The actions of the new U.S. administration prove that they are a group of people incapable of empathy.
Your fellow human beings are human (all of them).
Empathizing with other people isn’t always easy. Especially when their lives seem completely unlike your own.
But if you don’t even try to empathize, you certainly won’t manage it. In fact, you may find you’re able to treat other people as less than human.
That’s what we’re seeing now.
This administration sees anyone with different beliefs — or skin colour, sexual orientation, cultural background — as unworthy of empathy, and worthy of attacks, incarceration, joblessness, detention, deportation, and quite possibly worse.
Watching all this take shape over the past few days has been awful in a way I don’t have words to express.
But rather than bemoan that any further here, I’d like to make a perhaps surprising suggestion:
Let’s empathize with the evil people.
That’s right. Let’s try to have empathy for the people who are using their power to destroy the lives of those with less power than them.
To be abundantly clear: this does not mean agreeing with them. Or sympathizing with them. Because, well… I just called them evil, and I stand by that.
They don’t deserve our sympathy, and if you agree with them, you’re reading the wrong newsletter.
So why empathize with them? Because I want to know what they’re seeing and thinking.
I want to know if (and when, and how) they can be defeated, and simply pointing out that they are bad and doing bad things doesn’t seem like it will be enough.
How do they think? How do they feel? What drives them?
Bigoted violence as defense mechanism.
There are a lot of people in the administration, and not all of them are motivated by the exact same thing.
But I’ll venture a guess that two themes run through all of their lives and hearts:
The desire for power
The need for retribution
They say that bullies are victims too. In a way, that may apply to a lot of these people. At some point in their lives, they felt powerless and afraid, and were hurt by others.
Instead of trying to find a way to take better care of themselves, to feel loved and safe inside by loving others, they found another solution: project their fear and pain outward, and take it out on people with less power than them.
Their drive to get power — and not the usual kind that high political office affords, but an absolute, totalitarian kind of power — is a way of asserting their agency that prevents anyone from touching them or fighting back.
And they want that kind of power so they can take revenge against anyone who caused them pain earlier in their lives.
Empathy for the empathyless.
The terror of watching these people and trying to understand them is that you see very quickly that they could not act as they do if they had an ounce of empathy for others.
There may be reasons why each of them lacks that basic human capacity to see and feel with other people.
I don’t really care. I want to know what makes them tick because the sources of our strength are often very closely linked to the sources of our weakness.
The same instincts that allow them to visit this awful cruelty on the world may hold the key to their eventual defeat and downfall.
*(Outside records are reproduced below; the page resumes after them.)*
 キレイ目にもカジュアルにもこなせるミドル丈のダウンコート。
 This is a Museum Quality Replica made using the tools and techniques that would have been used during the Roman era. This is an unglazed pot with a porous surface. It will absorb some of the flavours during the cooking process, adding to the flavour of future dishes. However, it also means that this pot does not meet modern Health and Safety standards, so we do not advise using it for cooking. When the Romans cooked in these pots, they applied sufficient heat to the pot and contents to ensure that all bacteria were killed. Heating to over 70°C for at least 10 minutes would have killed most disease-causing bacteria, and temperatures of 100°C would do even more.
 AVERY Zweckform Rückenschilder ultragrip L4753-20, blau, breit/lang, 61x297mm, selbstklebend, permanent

I don’t pretend to know anything about anything, nor about what to do right now. But I’m trying to get clear on what we’re facing and where the potential for hope might lie.
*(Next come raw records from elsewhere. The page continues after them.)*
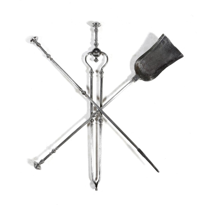 A set of three early Victorian polished steel fire tools, with mushroom finials and knopped stems, 77cm long (max). (3)
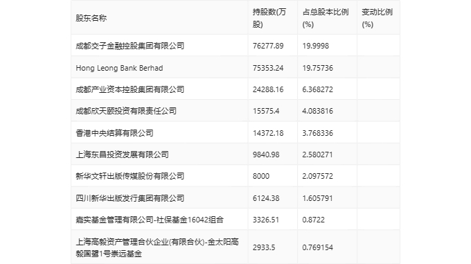 年报显示,2023年年末公司十大流通股东中,新进股东为上海高毅资产管理合伙企业(有限合伙)-金太阳高毅国鹭1号崇远基金,取代了三季度末的四川汇通建设工程有限公司、四川汉龙高新技术开发有限公司。在具体持股比例上,四川新华出版发行集团有限公司持股有所上升,成都交子金融控股集团有限公司、HongLeongBankBerhad、成都产业资本控股集团有限公司、成都欣天颐投资有限责任公司、香港中央结算有限公司、新华文轩出版传媒股份有限公司持股有所下降。
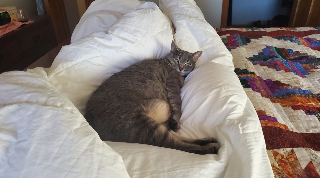 I couldn’t find the cat yesterday afternoon, so I looked in our bedroom and found her snuggled in the down comforter we keep on our bed. She had been there for hours. You can see her in the header photo. She looks pretty comfortable, I think.
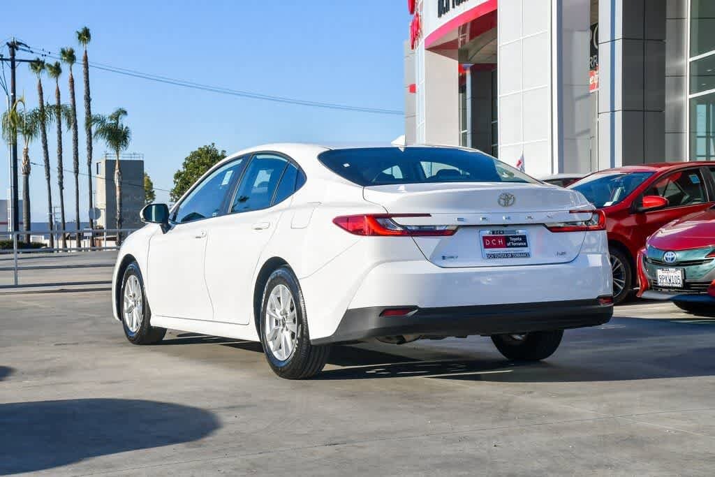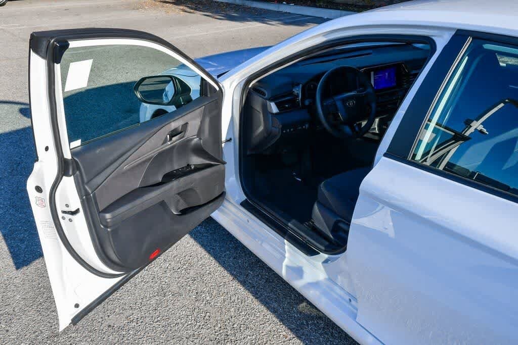 CARFAX One-Owner. Ice Cap 2025 Toyota Camry LE FWD eCVT 2.5L 4-Cylinder 16V DOHC 4-Wheel Disc Brakes, 6 Speakers, Alloy wheels, AM/FM radio: SiriusXM, Apple CarPlay/Android Auto, Auto High-beam Headlights, Automatic temperature control, Brake assist, Bumpers: body-color, Delay-off headlights, Driver door bin, Driver vanity mirror, Dual front impact airbags, Dual front side impact airbags, Electronic Stability Control, Emergency communication system: Safety Connect (up to 10-year trial subscription), Exterior Parking Camera Rear, Fabric Seat Trim, Four wheel independent suspension, Front anti-roll bar, Front Bucket Seats, Front Center Armrest, Front dual zone A/C, Fully automatic headlights, Heated door mirrors, Illuminated entry, Knee airbag, Occupant sensing airbag, Overhead airbag, Overhead console, Panic alarm, Passenger door bin, Passenger vanity mirror, Power door mirrors, Radio: Toyota Audio Multimedia w/8 Touchscreen, Rear anti-roll bar, Rear seat center armrest, Rear side impact airbag, Remote keyless entry, Security system, Speed control, Speed-sensing steering, Split folding rear seat, Steering wheel mounted audio controls, Telescoping steering wheel, Tilt steering wheel, Turn signal indicator mirrors, Wheels: 16 Silver-Finished Alloy.

If you have any ideas, I’d love to hear them.
Malcolm - this is a truly inspired post.
“I don’t really care. I want to know what makes them tick because the sources of our strength are often very closely linked to the sources of our weakness.”
This is the best, most concrete, foreword thinking way I’ve encountered to respond to the dystopian horror we now find ourselves in. I agree 100%. In fact - I think this message needs to be communicated further and reach a broader audience. Thank you for proposing such an achievable and vital response and course of action.
You write, “. . . Gilbert wrote.” Where did he write this?